At age 24, upon learning that my ex-stepfather had a daughter with his new wife, I went to the police with my whole story for the first time. I still remember how much I was shaking while giving my statement. When we had him arrested nearly 10 years prior, I had only admitted to the abusive nature of his discipline style. I kept the molestation to myself for years. The cops took my statement and approached him. It was the first and only time he has been confronted on it. The officer that confronted him told me that he cried like “someone who had their hand caught in the cookie jar. He acted like a guilty man.” I don’t need to pursue it further, but from that point he officially knew that I had not forgotten what he did to me and I never will.

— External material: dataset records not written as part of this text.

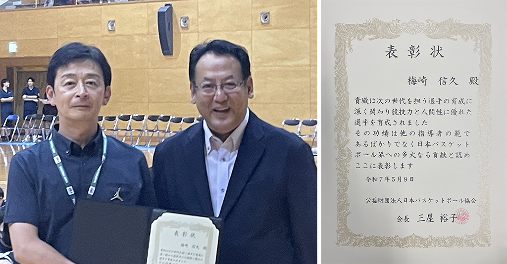 佐世保市立日宇中学校の梅崎信久先生が2024年度選手育成指導者表彰を受賞されました。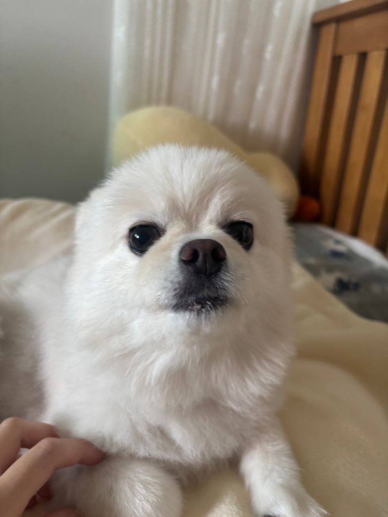 원래 포메는 2.5~3.5키로 정도로 작잖아요 등길이도 짧고 근데 저희집 포메는 얼굴이 스피치도 안섞인 일반포메인데 처음에는 살이 쪄서 무거워지는줄 알았어요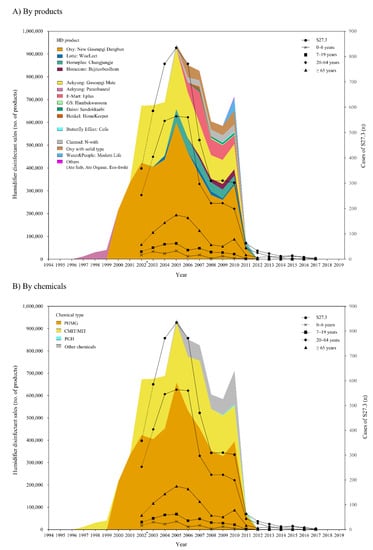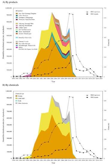 Moreover, annual HD sales were classified by four chemical types: PHMG (CAS number: 89697-78-9), CMIT/MIT (CAS number: 26172-55-5/2682-20-4), PGH (CAS number: 374572-91-5), and other chemicals; (1) PHMG chemicals include the products of Oxy Ssakssak New Gaseupgi Dangbun (Oxy; Oxy Reckitt Benckiser (RB) Korea, Seoul, Korea), Lotte WiseLect Gaseupgi Salgyunje (Lotte; Lotte Mart, Seoul, Korea), Homeplus Gaseupgi Chungjungje (Homeplus; Homeplus, Seoul, Korea), and Homecare Bejiteobeulhom Gaseupgi Cleanup (Homecare; Costco Korea, Gyeonggi, Korea); (2) CMIT/MIT chemicals include the products of Aekyung Gaseupgi Mate and Palanhaneul Malg-eun Gaseupgi (Aekyung; Aekyung, Seoul, Korea), E-Mart Eplus Gaseupgi Salgyunje (E-Mart; E-Mart, Seoul, Korea), GS Hambakwussom Gaseupgi Sejeongje (GS; GS Retail, Seoul, Korea), Daiso Sandokkaebi Gaseupgi Punisher (Daiso; Asung Daiso, Seoul, Korea), Henkel HomeKeeper Humidifier Sterilizer (Henkel; Henkel Homecare Korea, Seoul, Korea), and SK Yugong Gaseupgi Mate; (3) PGH chemicals include the products of Butterfly Effect Cefu Gaseupgi Salgyunje (Butterfly Effect; Butterfly Effect, Gyeonggi, Korea) and Ato Organic Gaseupgi Salgyunje (Ato Organic; Ato Organic, Gyeonggi, Korea); (4) other chemicals include the products of Clannad N-with (Clannad; Clannad, Gyeonggi, Korea), Oxy Ssakssak with solid type (Oxy with solid type), Oxy Gaseupgi Dangbun, LG 119 Gaseupgi segyunjegeo, Ato Safe Gaseupgi Chungjungje/Hangkyunje (Ato Safe; Ato Safe, Seoul, Korea), Eco-fresh Gaseupgi Hangkyunball (Eco-fresh; JnK Science, Seoul, Korea), and Water&People Modern Life Salgyunball (Water&People; Nutricare, Gyeonggi, Korea) [].

At the tender age of 25, I became the Federal Riding President for the Simcoe North NDP. I was overwhelmed and scared crapless…but I did it! I held onto my presidency until just this past fall. With baby #2 on the way, it was time to hand over the reigns. Being that involved in politics is something I will continue to do. I want my children to see that involvement.
At age 26, I had the biggest accomplishment of my life. I became a mother. I brought a human life into the world. I remember being utterly terrified going into labour and then just feeling like it was so natural and as if it was something I was always meant to do. The following few months were a learning curve as a parent, but I have an incredible 3 year old little girl who is smart, witty and so full of life. I still look at her completely awe struck and think, “holy crap, I made that.”
At age 27, after nearly 8 years of writing/marketing only for the corporate world, I started this blog. It may not seem like a big accomplishment, but it was a move to help me reclaim my voice and ultimately avoid writer’s burn out. I blog about everything and refuse to choose a niche. This is my space, for me and I have worked hard to slowly build it over the past 2.5 years.
At age 29, I was published in Canadian Family Magazine. This one was HUGE. Being published in a national magazine was on the unwritten bucket list. I still carry a copy of that magazine with me every. single. day. in my computer bag. I can’t miss an opportunity to show someone my name in national print!
Also at age 29, I enrolled in university. This has been challenging only because I found out I was pregnant a week after the course started. Doing a very self-motivated based course when your body wants to sleep at 7pm can be tough. I’ve had to get an extension, but I will be wrapping it up in the next 6 weeks before our little man arrives.
Now, at age 30, I am about to have become a mother for the 2nd time. We have faced some big ups and downs with this pregnancy and it has been trying, but I know it is all completely worth it. I can’t wait to meet our son in just a few short weeks and grow our family.